Al contrario…. La politica di Silvio è perfettamente in linea con il sistema democratico europeo: mercanteggiare con le caste per ottenere stabilità, senza osare compiere serie riforme strutturali….
“Mi pare ovvio quanto anacronistico quindi vedere nei due contendenti possibili soluzioni credibili e in particolare un idea di magistratura e giudizio civile liberale e democratica.”
Luca, io non capisco in questa frase la relazione tra i termini liberale e democratico. Se sei liberale sei necessariamente antidemocratico, nel senso che vuoi smantellare le istituzioni su cui si basa la democrazia…
Luglio 3, 2008 a 2:37 pm
“Al contrario…. La politica di Silvio è perfettamente in linea con il sistema democratico europeo: mercanteggiare con le caste per ottenere stabilità, senza osare compiere serie riforme strutturali….”
Spero che sia una risposta surreale! (perchè tale atteggiamento non è liberale nè liberista e men che meno libertario).
.
“Luca, io non capisco in questa frase la relazione tra i termini liberale e democratico. Se sei liberale sei necessariamente antidemocratico, nel senso che vuoi smantellare le istituzioni su cui si basa la democrazia…”
Io parlo in chiave tocquevilliana, (evitando gli eccessi dell’uso della parola e della demagogica ideologizzazione della “democrazia”).
Essa la ritengo un male minore, un male che bisogna pur però saper diluire nelle sue forme di diritto naturale e civile.
Quindi adoperare la democrazia con cautela, fintanto che la libertà non abbia sufficiente forza per affermarsi spontaneamente.
Adoperare la democrazia come condizione transitoria e strumentale per evitare di rimanere schiacciati entro un gioco tra corporazioni ben più che “strumentale” (totale).

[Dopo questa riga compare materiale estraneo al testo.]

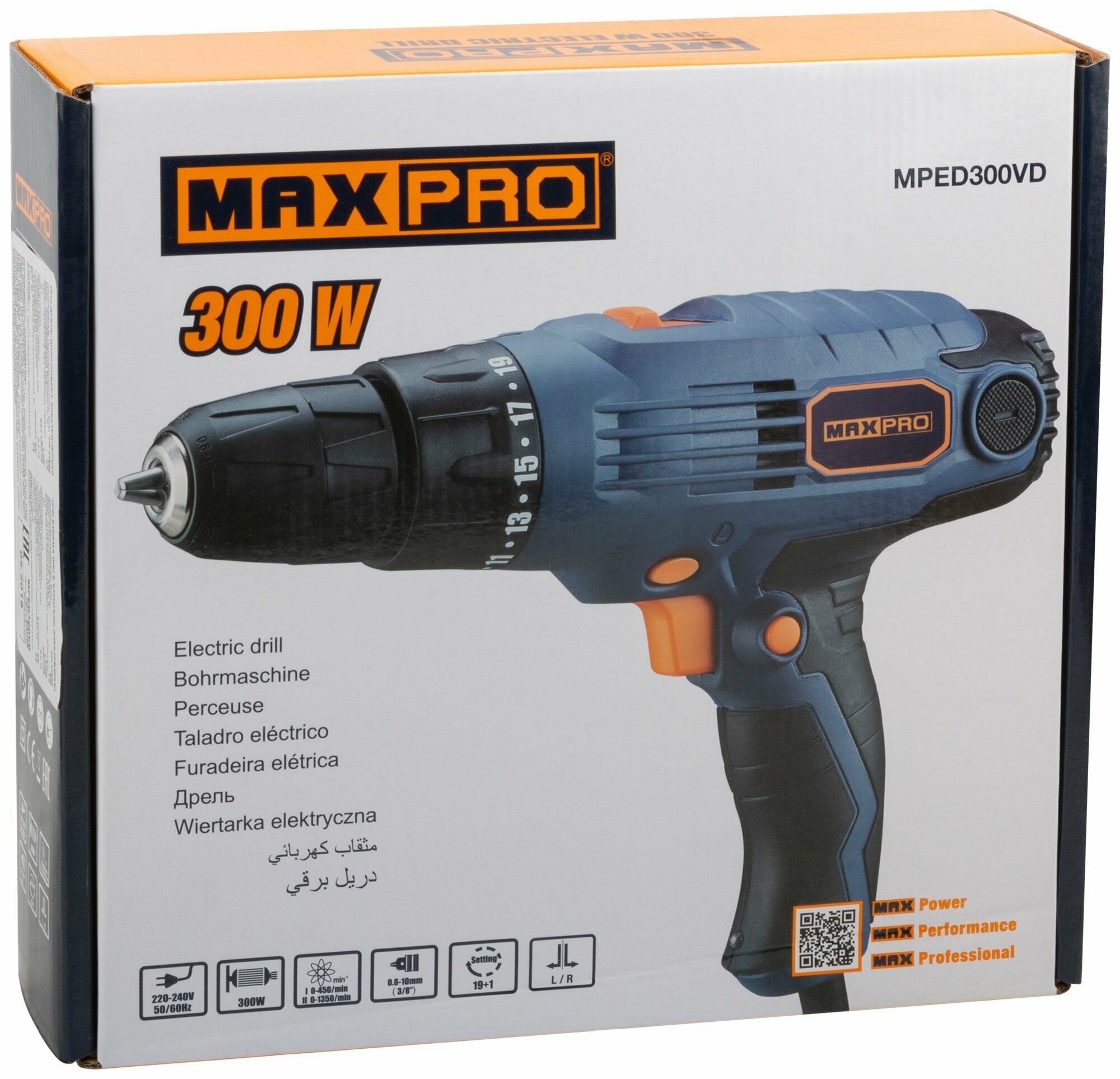MAX-PRO Дрель-Шуруповерт электрическая 300 Вт; 0-450/0-1350об/мин; подсветка ; быстрозажимной патрон 10мм; резиновые вставки; 24,0 Нм; 19+1; 1,1 кг; б информация:
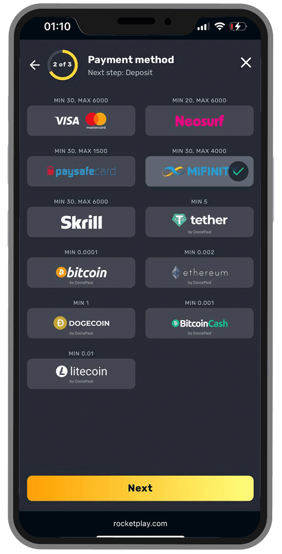 Deposit options: Visa, Mastercard, crypto, Bitcoin, USDT, Neosurf...

post: in questi giorni se sei libero ti chiamo su casa o sul tuo cell, così mi informi se c’è qualcosa “in ballo” a settembre e ci facciamo una chiacchierata (il mio numero c’è l’hai vero?, al massimo mandami un sms per sapere quando non vorrei che distutbarti mentre tu stai facendo qualche esame o qualche impegno?).
Ah ho seguito il tuo consiglio e ho limitato il testo degli articoli sul mio blog, comunque te ne ho lasciati per l’estate da leggere e da vedere!.
Ciao LucaF.!.
Luglio 3, 2008 a 2:44 pm
“Spero che sia una risposta surreale! (perchè tale atteggiamento non è liberale nè liberista e men che meno libertario).”
No, no: nessun surrealismo. Silvio è perfettamente democratico… Quindi non ci azzecca niente con il liberalismo.
“Essa la ritengo un male minore, un male che bisogna pur però saper diluire nelle sue forme di diritto naturale e civile.”
Io la posizione tocque-villiana non riesco a comprenderla. Che significa male minore? Come si può legare la democrazia al diritto naturale?
“Adoperare la democrazia come condizione transitoria e strumentale per evitare di rimanere schiacciati entro un gioco tra corporazioni ben più che “strumentale” (totale).”
La democrazia stessa è il gioco delle corporazioni. Difficile che combatta contro se stessa. Semmai è importante adoperare i suoi mezzi per smantellarla.
“post: in questi giorni se sei libero ti chiamo su casa o sul tuo cell, così mi informi se c’è qualcosa “in ballo” a settembre e ci facciamo una chiacchierata”
Inutile chiamarmi Luca: non c’è nessuna novità. Quanto ad impegni ne ho da vendere. Difficile trovare un momento libero.
Sono felice per la riduzione della lunghezza dei post.
Luglio 3, 2008 a 3:03 pm
“Essa la ritengo un male minore, un male che bisogna pur però saper diluire nelle sue forme di diritto naturale e civile.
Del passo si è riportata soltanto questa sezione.